Федор Иванович поднял бровь и ничего не сказал. За этими словами что-то таилось, и он ждал.
— Пчелы… Понимаете, пчелы… Они кормят свою матку специальным молочком…
«Ах, вот он как…» — подумал Федор Иванович и сразу постиг точность сравнения.
— …Сами не едят, только ей. Матка от него приобретает гигантские размеры. С палец вырастает, еле двигается. А они все кормят, кормят. А сами не едят…
Как и в прошлый раз, Иван Ильич бережно обращался со своей ложкой. Любовно, по частям выбирал из нее кашу, медлительно рассасывал.
— Вот так и некоторые… Обычную пищу могут и не есть. Таблетки, творожок — все их меню. А вот унижение других людей — это до самой смерти. Это их питает. Чтоб перед этим дядькой гнули спину, открывали ему дверь, угадывали желание. Ни слова поперек. Чтоб все у него было особое, не как у других. И называлось чтоб для ясности: «особое». А другие чтоб это знали. И чтоб их эта разница точила. Но доступа чтоб никакого. Ферботен…
И, замолчав, он бережно набрал ложку каши.
— Когда я был ранен в обе ноги, — задумчиво заговорил и Федор Иванович, — привезли нас всех в Кемерово. Начали вытаскивать из вагонов. И в автобусы. Кого на носилках… А меня — входит рослый старик, сибиряк, а я лежу — такой остриженный наголо, на мальчишку похожий после ленинградской голодовки. И он меня хвать, как куклу, и на шею себе. И понес. Как вспомню — слеза прошибает. Но со временем я вдруг стал замечать, Иван Ильич… Что еще одно обстоятельство память сохранила. Чешется все время душа. Знаете, когда на шее другого человека сидишь — чувствуется особая сладость. Как будто ешь человечину. Не знаю, может, от нервов… Может, у меня склонность воображать всякое такое… Думаю, и вы замечали. Даже если больного тебя на носилках несут… Особенно, когда женщины. Всегда чуть заметный оттенок присутствует. А вот когда, скажем, лошадь везет — этого нет. Кому это невыносимо. Кто краснеет от такого чувства. А кто и нет. Другой даже старается сам сесть. Придумывает разные такие рассуждения. Даже научные… Представляете, и здесь проходит водораздел! Я все время ерзал тогда, хотел слезть. Потому что невозможно, Иван Ильич, переносить эту отвратительную сладость сидения на чужой шее. Старик тогда мне: «Ты чего сам, сынок?» — «Да вот, неловко…» — отвечаю. Не знаю, что и говорить. А он смеется: «Как так? На такой шее и ему неловко!..».

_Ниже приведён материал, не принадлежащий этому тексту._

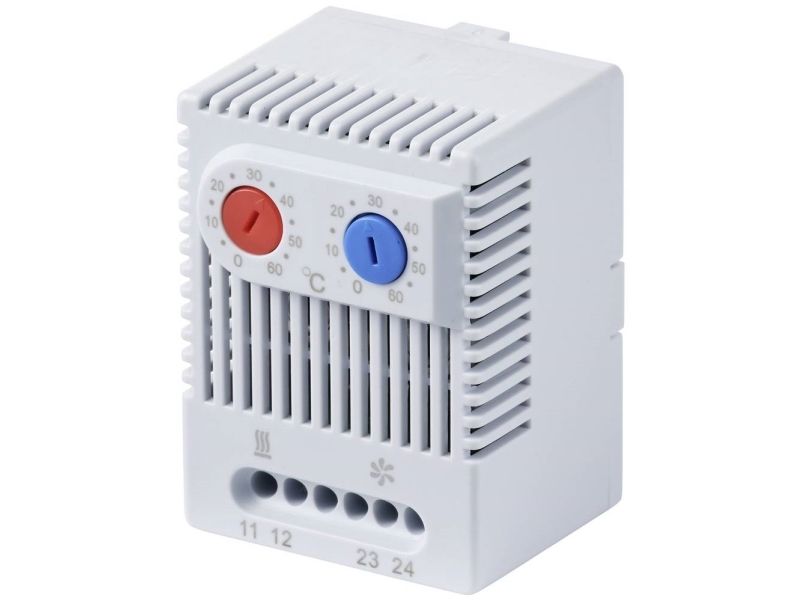 Kontaktskab-termostat har et indstillingsområde på 0°C til +60°C. Koblingsspændingen udgør maks. 250 V/AC.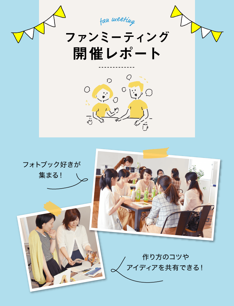 2019年5月30日に第10回ファンミーティングを開催しました!「旅行の度に作ってる!」「子どもの成長記録に年1冊」などたくさん作ってくださっている方や、「もうすぐ子どもが生まれるので、先輩ママさんのマイブックを見たい!」という方も。皆さま次回作へのヒントを見つけられたようです♪

Они замолчали, забыв на время об окружающей их ночи и о том, что где-то ждет их железная труба, упирающаяся в ежевику. Потому что оба они были детьми своих тридцатых годов, прошли через многие повороты нашей российской судьбы и обоих тянуло даже в такие минуты к разговорам о справедливости и судьбе революции.
— Я никогда не смог бы привыкнуть к такой штуке, — сказал Федор Иванович. — Хотя вот… Привыкали ведь. И к портшезу и к паланкину. Все-таки прогресс есть. Особенные были люди. Реликты…
— Не забывайте о молочке. О молочке превосходства. Эта пища пришла на смену портшезу.
Незаметно каша исчезла. Перед Стригалевым стояла чистая тарелка. Чай был уже заварен, и Федор Иванович стал наливать кипяток в чашки. «Наливаю, как тогда… — толкнуло его. — Из этих чашек мы пили с нею чай. И я в тот день бросил курить. Никогда не начну…» А закурить ему сегодня очень хотелось весь день.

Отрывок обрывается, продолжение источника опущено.